> Task statement
Copy out nothing but the lines from the one holding "Рис. 5. Схемы" through the end of the entries below, exactly as written and without the pictures.
****************************************
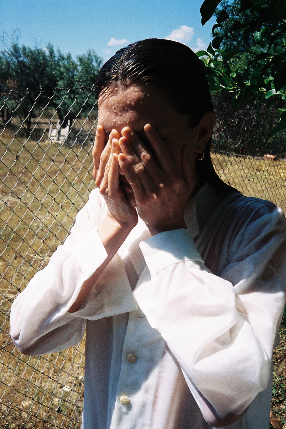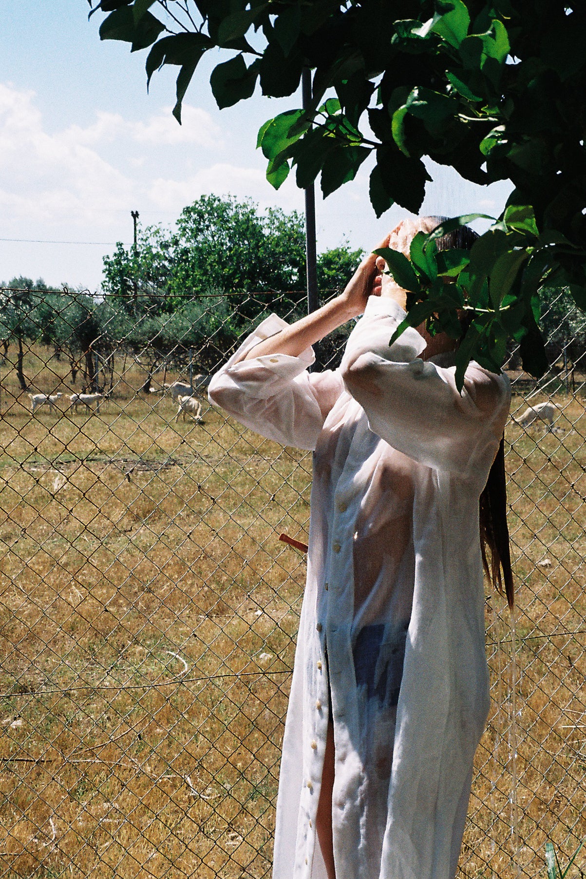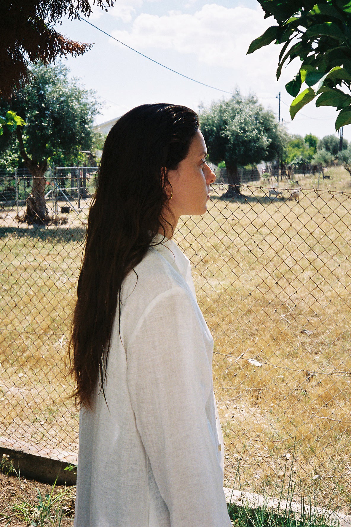 SUNCREAM is a very long shirt made from slightly transparent greek linen in white colour. The shirt's body ends up to a collar and is either standing or folded. The garment is finished with large beige bone buttons. Each garment has been produced and curated in our house in Athens. This shirt is limited and we never do restocks.
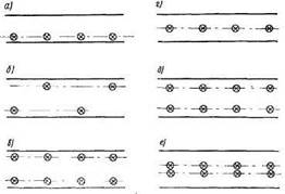 Рис. 5. Схемы размещения фонарей на улицах: а – односторонняя; б – двухрядная в шахматном порядке; в-двухрядная прямоугольная; г – осевая; д – двухрядная прямоугольная по осям движения; е– двухрядная прямоугольная по оси улицы
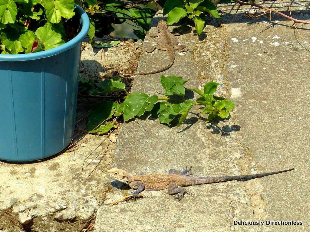… butterflies flitting about, bees buzzing, fat garden lizards doing push-ups (no, really!)…
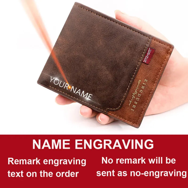 Free Name Engraving New Men Short Wallets High Quality Classic Card Holder Simple Male Purse Zipper Coin Pocket Men Money Clips
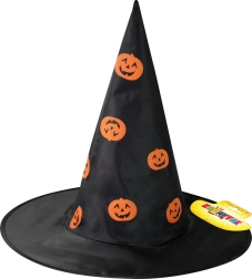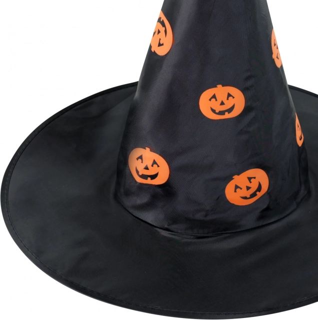 Giv børnene en uforglemmelig Halloween-oplevelse med denne sorte heksehat dekoreret med markante orange græskar. Det lette tekstilmateriale sikrer komfort hele tiden, og den klassiske spidse form giver en øjeblikkelig magisk effekt.
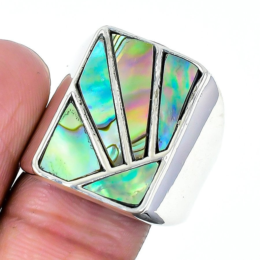 Abalone Shell Gemstone Mother Statement Daughter Gift Ring Solid Silver US 11
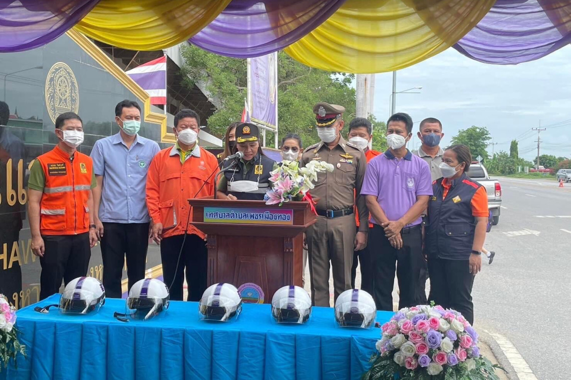 วันนี้ (21 มิถุนายน 2566) เวลา 08.30 น. ที่ ถนนทางหลวงหมายเลข 3064 บริเวณทางข้ามหน้าโรงเรียนแสวงหาวิทยาคม หมู่ที่ 7 ตำบลแสวงหา อำเภอแสวงหา นายรังสรรค์ ตันเจริญ ผู้ว่าราชการจังหวัดอ่างทอง มอบหมายให้นางสาวเอกรัตน์ นาคาคง รองผู้ว่าราชการจังหวัดอ่างทอง เป็นประธานการจัดกิจกรรมรณรงค์ความปลอดภัยทางถนน และการรณรงค์สวมหมวกนิรภัย 100 % โดยมี นายบรรจง โพธิวงศ์ หัวหน้าสำนักงานป้องกันและบรรเทาสาธารณภัยจังหวัดอ่างทอง หัวหน้าส่วนราชการ รอง ผบก.ภ.จว.อ่างทอง นายอำเภอแสวงหา ผู้อำนวยการโรงเรียนแสวงหาวิทยาคม ผู้บริหารองค์กรปกครองส่วนท้องถิ่น และหน่วยงานที่เกี่ยวข้องเข้าร่วมกิจกรรม
****************************************
> Written solution
 Рис. 5. Схемы размещения фонарей на улицах: а – односторонняя; б – двухрядная в шахматном порядке; в-двухрядная прямоугольная; г – осевая; д – двухрядная прямоугольная по осям движения; е– двухрядная прямоугольная по оси улицы
… butterflies flitting about, bees buzzing, fat garden lizards doing push-ups (no, really!)…
 Free Name Engraving New Men Short Wallets High Quality Classic Card Holder Simple Male Purse Zipper Coin Pocket Men Money Clips
 Giv børnene en uforglemmelig Halloween-oplevelse med denne sorte heksehat dekoreret med markante orange græskar. Det lette tekstilmateriale sikrer komfort hele tiden, og den klassiske spidse form giver en øjeblikkelig magisk effekt.
 Abalone Shell Gemstone Mother Statement Daughter Gift Ring Solid Silver US 11
 วันนี้ (21 มิถุนายน 2566) เวลา 08.30 น. ที่ ถนนทางหลวงหมายเลข 3064 บริเวณทางข้ามหน้าโรงเรียนแสวงหาวิทยาคม หมู่ที่ 7 ตำบลแสวงหา อำเภอแสวงหา นายรังสรรค์ ตันเจริญ ผู้ว่าราชการจังหวัดอ่างทอง มอบหมายให้นางสาวเอกรัตน์ นาคาคง รองผู้ว่าราชการจังหวัดอ่างทอง เป็นประธานการจัดกิจกรรมรณรงค์ความปลอดภัยทางถนน และการรณรงค์สวมหมวกนิรภัย 100 % โดยมี นายบรรจง โพธิวงศ์ หัวหน้าสำนักงานป้องกันและบรรเทาสาธารณภัยจังหวัดอ่างทอง หัวหน้าส่วนราชการ รอง ผบก.ภ.จว.อ่างทอง นายอำเภอแสวงหา ผู้อำนวยการโรงเรียนแสวงหาวิทยาคม ผู้บริหารองค์กรปกครองส่วนท้องถิ่น และหน่วยงานที่เกี่ยวข้องเข้าร่วมกิจกรรม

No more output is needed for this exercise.